Archive for White Sox

Projecting the Prospects in the Jose Quintana Trade

The first domino of the 2017 trade deadline fell yesterday, as the Cubs swung a deal with their crosstown rivals for Jose Quintana. Quintana has been one of the best pitchers in baseball the past few years, so he understandably brought back a substantial prospect haul. The Cubs coughed up top prospects Eloy Jimenez and Dylan Cease in the deal. Both are possess enticing upside, but neither has put up dominant numbers in the low minors. As a result, KATOH is relatively low on both.

A couple of lower-tier prospects, Matt Rose and Bryant Flete, were also included in the deal.

Below are the projections for the four players whom the White Sox receive. WAR figures account for the player’s first six major-league seasons. KATOH denotes the stats-only version of the projection system, while KATOH+ denotes the methodology that includes a player’s prospect rankings.

*****

Eloy Jimenez, LF (Profile)

KATOH: 4.7 WAR (87th overall)
KATOH+: 11.5 WAR (12th overall)

Jimenez is undoubtedly the centerpiece in this deal. The 20-year-old Dominican left fielder ranked fifth and eighth on Baseball America’s and Baseball Prospectus’s lists, respectively. After missing the season’s first few weeks with a shoulder injury, Jimenez has hit .271/.351/.490 at High-A. He hit a loud .329/.369/.532 in Low-A last season.

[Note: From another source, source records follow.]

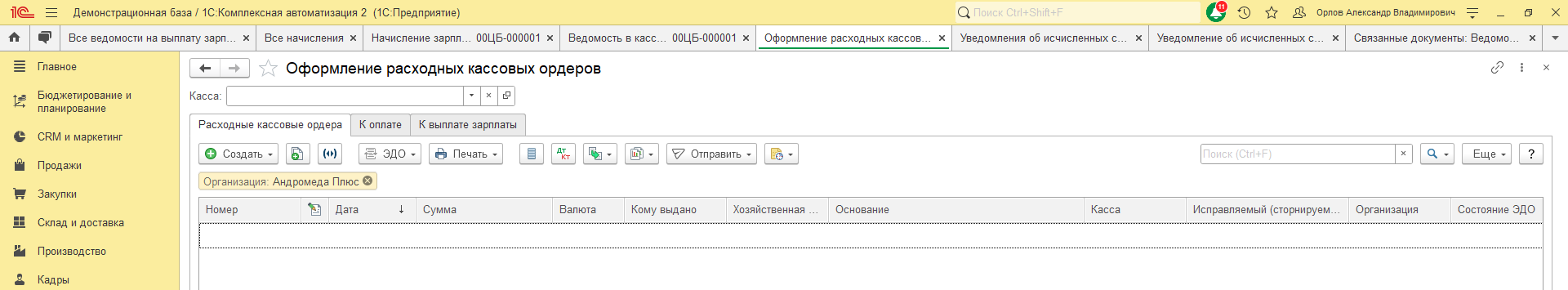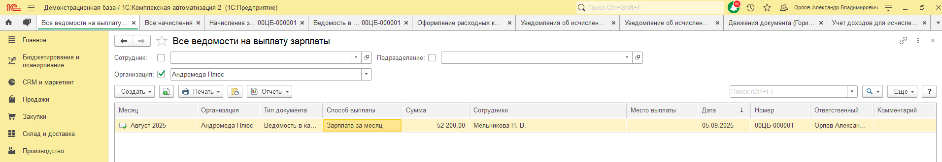 Ведомость заблокировалась, возник факт выплаты, и, соответственно, теперь необходимо подать уведомление.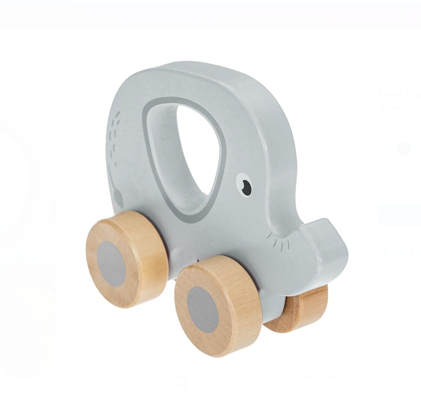 Elefant din lemn, albastru, cu 4 Roti,10.5×12.8×4.5cm, 6 luni+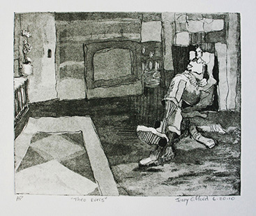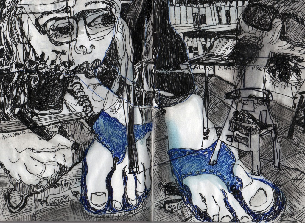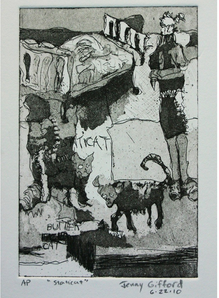 I take my sketchbook everywhere and record people and places with squiggly, jumbled details. Sometimes I use sketchbook drawings to create new compositions for prints and paintings.

Over the winter, Eric Longenhagen praised Jimenez’s power potential, ranking him No. 15 on his preseason top-100 list.

He’s got 70 raw power right now, flicking lasers over the left-field wall with ease during BP and stumbling into wall-scraping homers he barely squares up in games. I think he’s going to have elite power in his mid-20s and there’s solid feel for contact here, too.

My KATOH system is a tad skeptical of Jimenez due to his near-complete lack of defensive value and 20% strikeout rate in A-ball. Still, it sees a good deal of promise in his power and youth. For someone Jimenez’s age, 24 homers in 154 games at A-ball is impressive, regardless of what position he plays.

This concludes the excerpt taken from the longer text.